* Your instructions *
Give the records below again exactly, and exclude each picture.
● ● ● ● ●
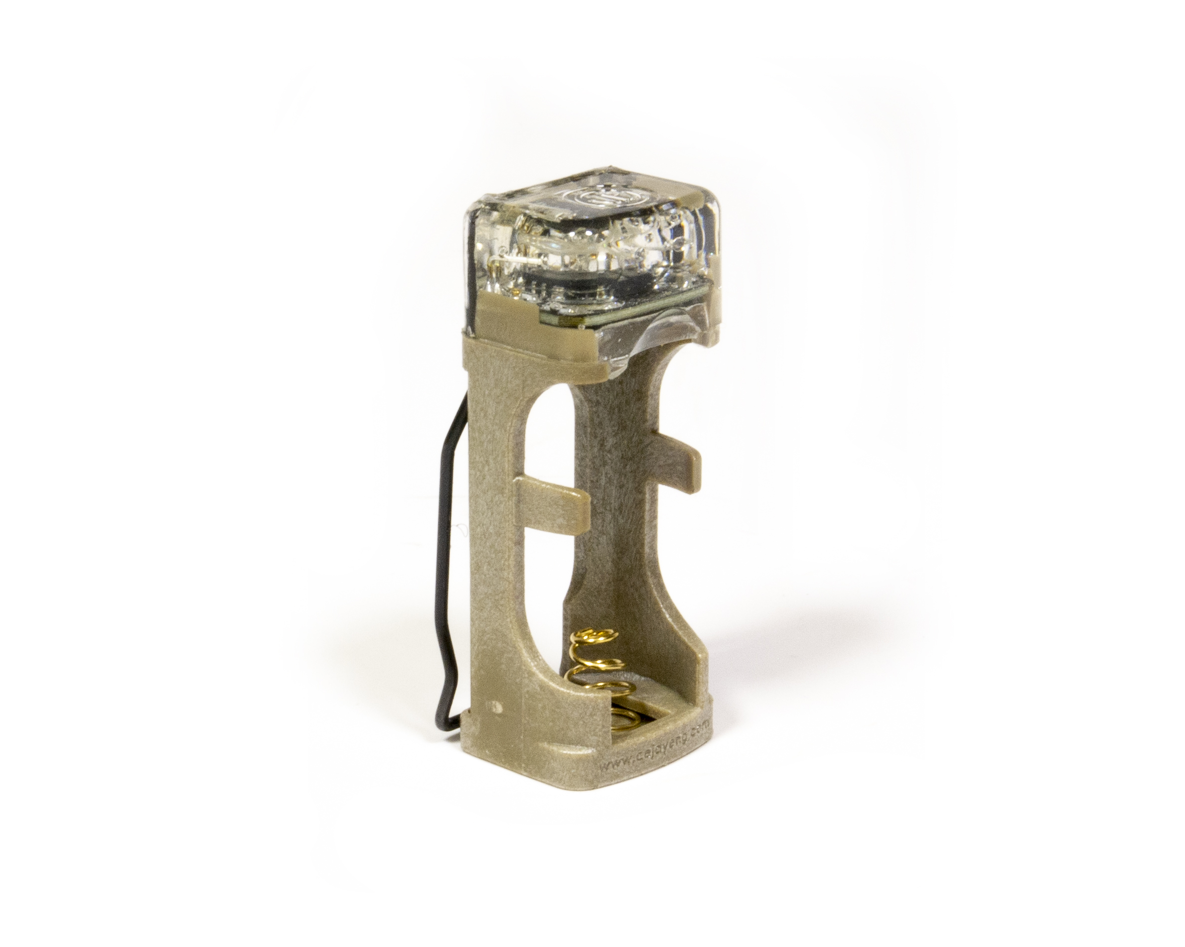 The Phoenix JR.™ 123 beacon was principally designed as an individual Combat Identification marker employed to minimize fratricide (the inadvertent destruction of battle field assets by friendly forces.) It can also be used as a vehicle ID marker, drop zone indicator and perimeter marker. Designed with the same functionality as the Phoenix JR.™ it has been equipped with a spring clip for easy attachment to belts, straps, clothing and equipment. Designed to use a CR123 Battery, the JR123 is 50% smaller and lighter than the Phoenix JR. When not in use, the CR123 battery can be stored within the unit by installing the battery upside-down.
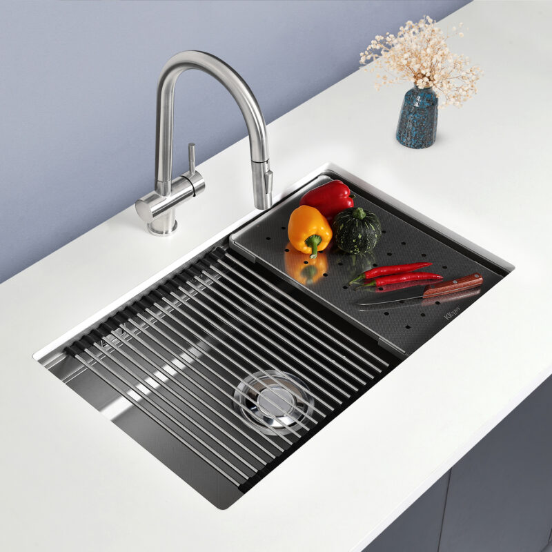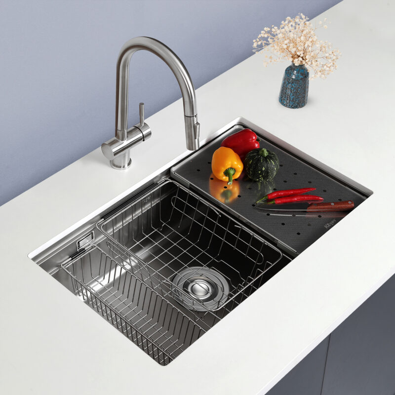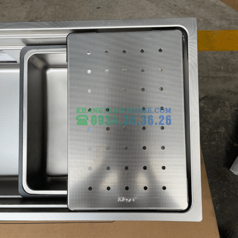- Phiên bản Plus còn tích hợp bộ phụ kiện đồng bộ gồm giỏ inox 304, thớt nhựa, thớt inox, chậu nhỏ… lắp đặt trực tiếp trên đường ray, biến khu vực chậu rửa thành không gian sơ chế đa năng. Hệ thống bát rác 3 lớp đường kính lớn 185 mm đảm bảo thoát nước nhanh, lọc rác hiệu quả và hạn chế tắc nghẽn, giúp chậu luôn khô thoáng và sạch sẽ.
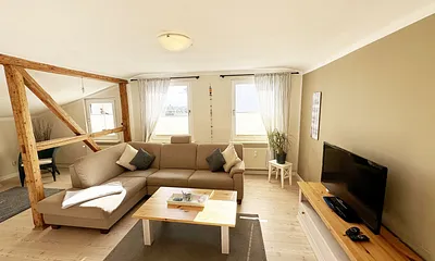 45 qm, Wohn- Schlafraum mit Essecke, ausziehbarer Schlafcouch für 2 Pers, 1 Schlafzimmer mit Doppelbett und Liege, Dachschräge, Laminat Fussboden
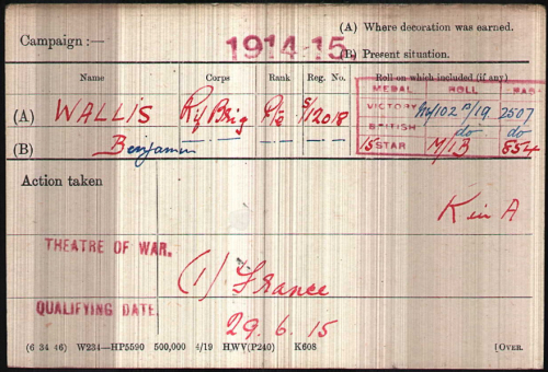 Benjamin WALLIS was born in Stetchworth in 1892 (Newmarket Q2-1892 3b:526) to to George and Sophia WALLIS (née ALLEN)
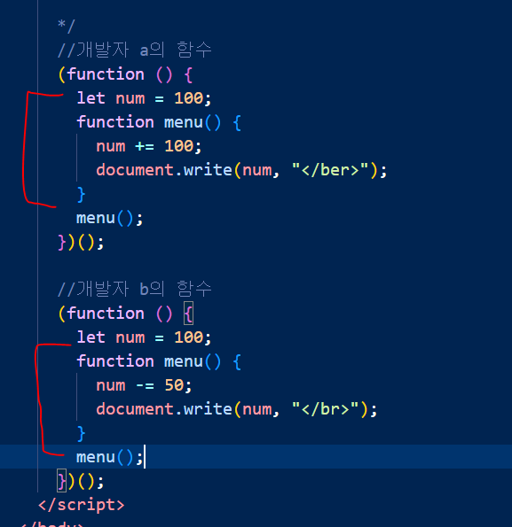 개발자 a함수에 있는 num과 menu는 개발자b가 선언한 num과 menu와 각각 다른 함수와 변수로 취급된다.
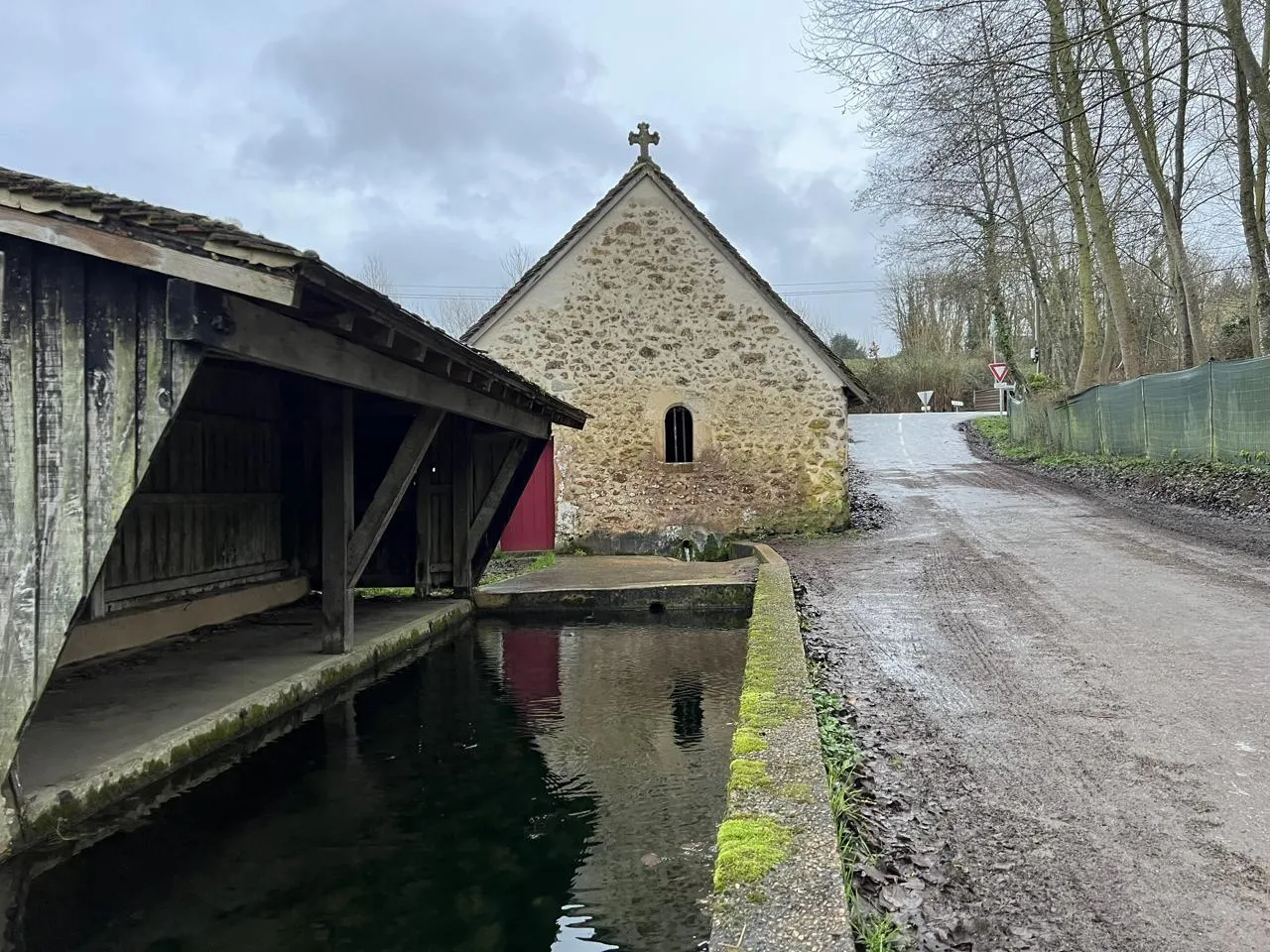 La source de Saint-Quentin, à Saint-Maixent (Sarthe), qui alimente le lavoir est protégée par une petite chapelle. © Yanne Boloh
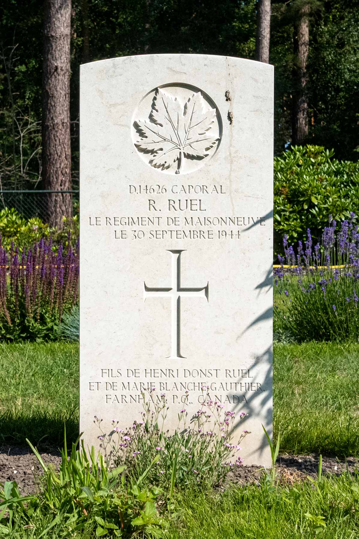Date de décès (jj-mm-aaaa): 30-09-1944Dernier cimetière: Canadian War CemeteryNuméro de tombe (plot, file, tombe): 09 F 04Rang: CorporalNuméro de service: D/14626
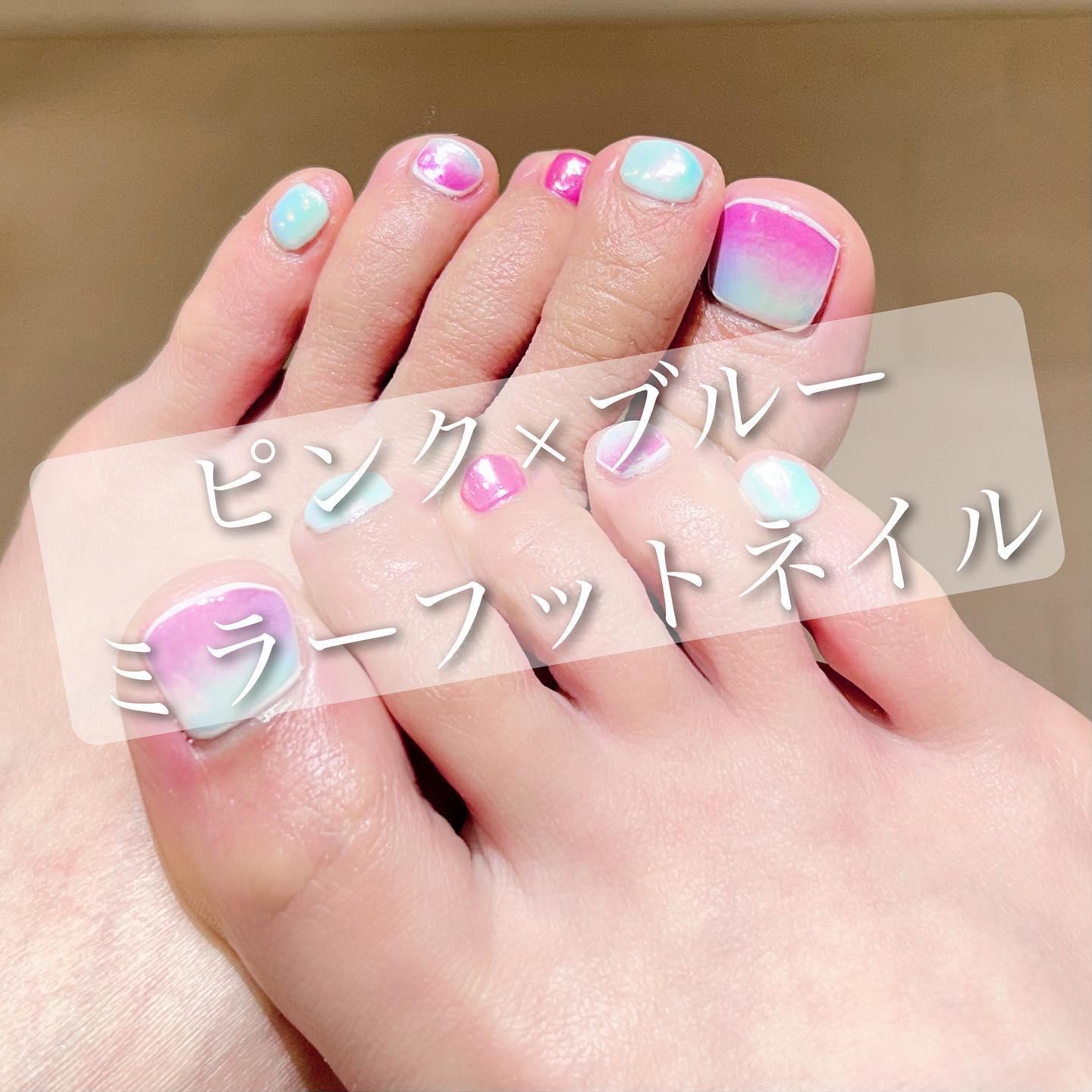【春おすすめフット】バイカラーミラーフットネイル💅桜新町ネイルサロンpeep-PEEP
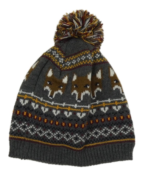 Tmavosivá vzorovaná pletená čapica s liškami a brmbolcom Pusblu
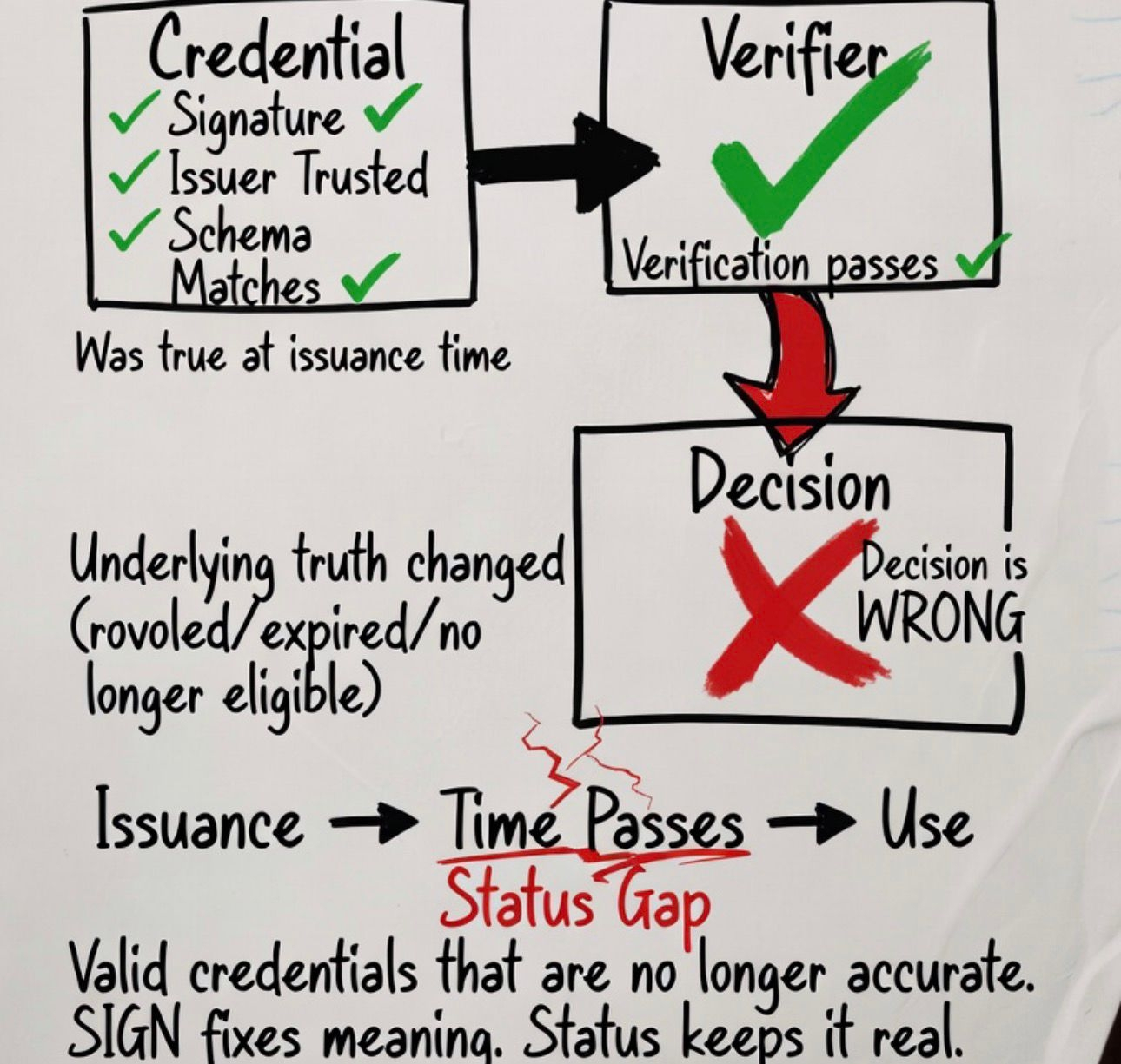 This is where things start to break in a quiet way. The credential looks valid. Verification passes. There is no visible error. But the decision based on it is wrong because the state behind it has already changed.
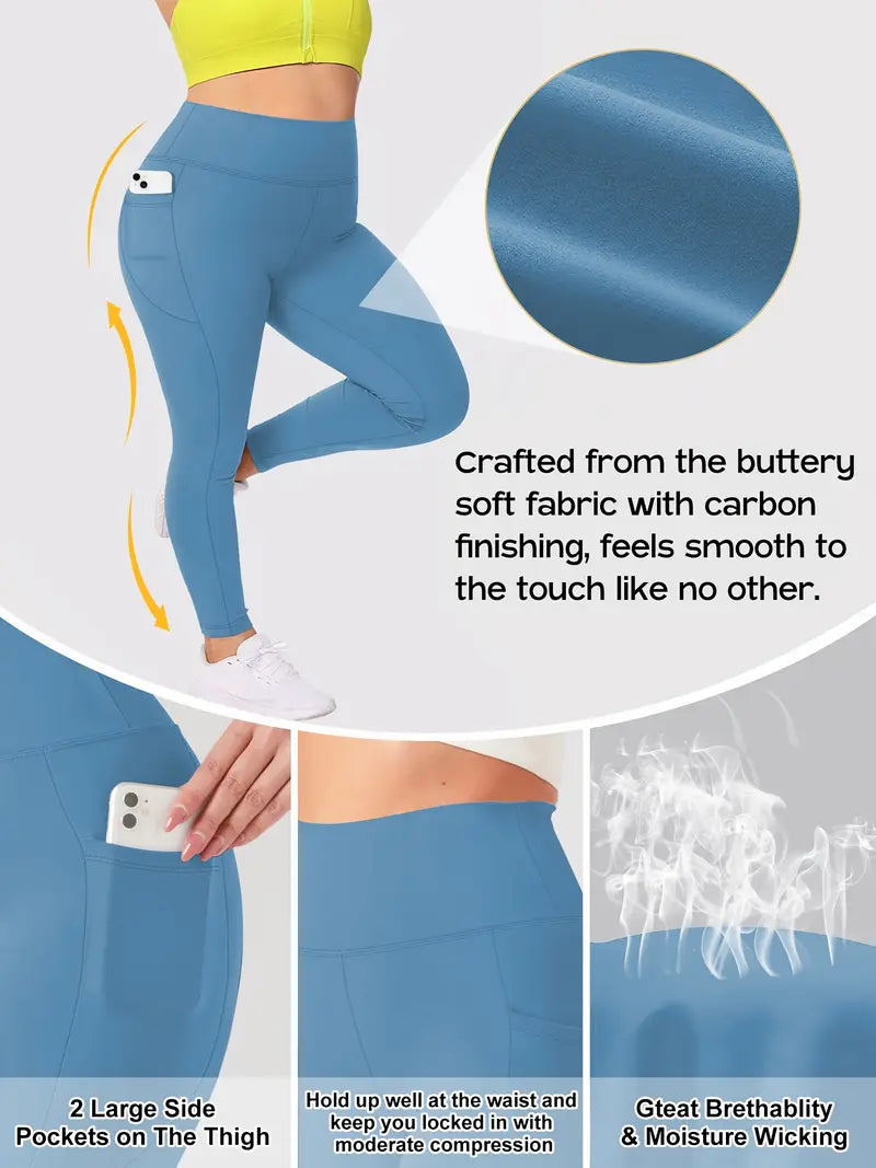 Women's High Waist Tummy Control Yoga Leggings with Pockets Red
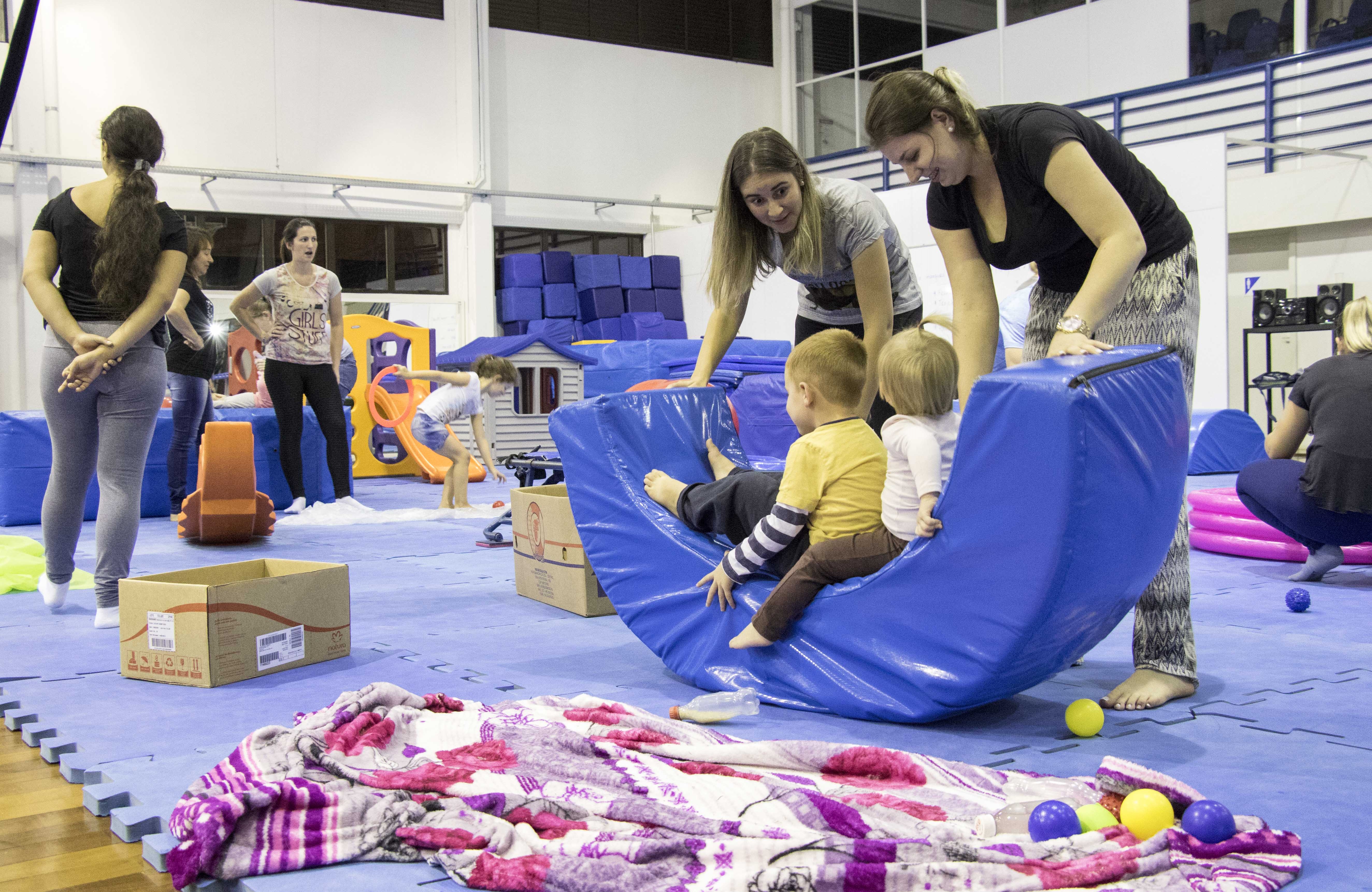 A turma da disciplina Saberes e Práticas da Corporeidade II, do curso de Pedagogia da Univates, realizou nesta quinta-feira, 22, uma atividade voltada a bebês de zero a três anos com o objetivo de criar desafios motores para as crianças e oportunizar que as estudantes conduzissem a prática de experimentação corporal dos bebês.
● ● ● ● ●
* Response *
 The Phoenix JR.™ 123 beacon was principally designed as an individual Combat Identification marker employed to minimize fratricide (the inadvertent destruction of battle field assets by friendly forces.) It can also be used as a vehicle ID marker, drop zone indicator and perimeter marker. Designed with the same functionality as the Phoenix JR.™ it has been equipped with a spring clip for easy attachment to belts, straps, clothing and equipment. Designed to use a CR123 Battery, the JR123 is 50% smaller and lighter than the Phoenix JR. When not in use, the CR123 battery can be stored within the unit by installing the battery upside-down.
- Phiên bản Plus còn tích hợp bộ phụ kiện đồng bộ gồm giỏ inox 304, thớt nhựa, thớt inox, chậu nhỏ… lắp đặt trực tiếp trên đường ray, biến khu vực chậu rửa thành không gian sơ chế đa năng. Hệ thống bát rác 3 lớp đường kính lớn 185 mm đảm bảo thoát nước nhanh, lọc rác hiệu quả và hạn chế tắc nghẽn, giúp chậu luôn khô thoáng và sạch sẽ.
 45 qm, Wohn- Schlafraum mit Essecke, ausziehbarer Schlafcouch für 2 Pers, 1 Schlafzimmer mit Doppelbett und Liege, Dachschräge, Laminat Fussboden
 Benjamin WALLIS was born in Stetchworth in 1892 (Newmarket Q2-1892 3b:526) to to George and Sophia WALLIS (née ALLEN)
 개발자 a함수에 있는 num과 menu는 개발자b가 선언한 num과 menu와 각각 다른 함수와 변수로 취급된다.
 La source de Saint-Quentin, à Saint-Maixent (Sarthe), qui alimente le lavoir est protégée par une petite chapelle. © Yanne Boloh
Date de décès (jj-mm-aaaa): 30-09-1944Dernier cimetière: Canadian War CemeteryNuméro de tombe (plot, file, tombe): 09 F 04Rang: CorporalNuméro de service: D/14626
【春おすすめフット】バイカラーミラーフットネイル💅桜新町ネイルサロンpeep-PEEP
 Tmavosivá vzorovaná pletená čapica s liškami a brmbolcom Pusblu
 This is where things start to break in a quiet way. The credential looks valid. Verification passes. There is no visible error. But the decision based on it is wrong because the state behind it has already changed.
 Women's High Waist Tummy Control Yoga Leggings with Pockets Red
 A turma da disciplina Saberes e Práticas da Corporeidade II, do curso de Pedagogia da Univates, realizou nesta quinta-feira, 22, uma atividade voltada a bebês de zero a três anos com o objetivo de criar desafios motores para as crianças e oportunizar que as estudantes conduzissem a prática de experimentação corporal dos bebês.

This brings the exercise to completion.